Which two books published in the last five years would you recommend to BAR readers? How do you envision engaging these titles in your future work?
Forgive us for not quire narrowing our list down to two books, but we think that these books would be of significant value for all readers because they have reshaped the ways in which we view both sport and racial capitalism. Each of these books offer unique and vital interventions that help shape our understanding of the nexus between racial capitalism, US imperialism, and American Football. While not reflective of the breadth of empirical or theoretical work in the area, each of these offers the reader a lens through which to explore the role that colonialism plays in how we understand and practice football and the athletic work (and laborers) that are sacrificed to the system.

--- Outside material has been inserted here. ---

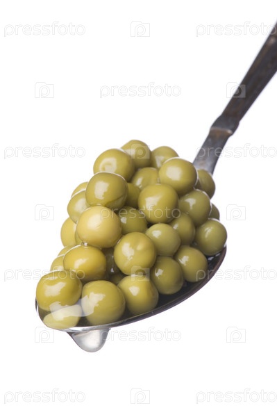 Зеленый горошек в ложке на белом фоне

Shaun M Anderson’s The Black Athlete Revolt: The Sport Justice Movement in the Age of #BlackLivesMatter (Rowman & Littlefield, 2023)
Erin Hatton’s Coerced: Work Under the Threat of Punishment (University of California Press, 2020)
Lisa Uperesa’s Gridiron Capital: How American Football Became a Samoan Game (Duke University Press, 2022)
Olúfẹ́mi O. Táíwò’s Elite Capture: How The Powerful Took Over Identity Politics (And Everything Else, Haymarket, 2020) and Reconsidering Reparations (Oxford University Press, 2022).
Michael Bennett and Dave Zirin’s Things That Make White People Uncomfortable (Haymarket, 2019)
Roberto Sirvent is the editor of the Black Agenda Report Book Forum.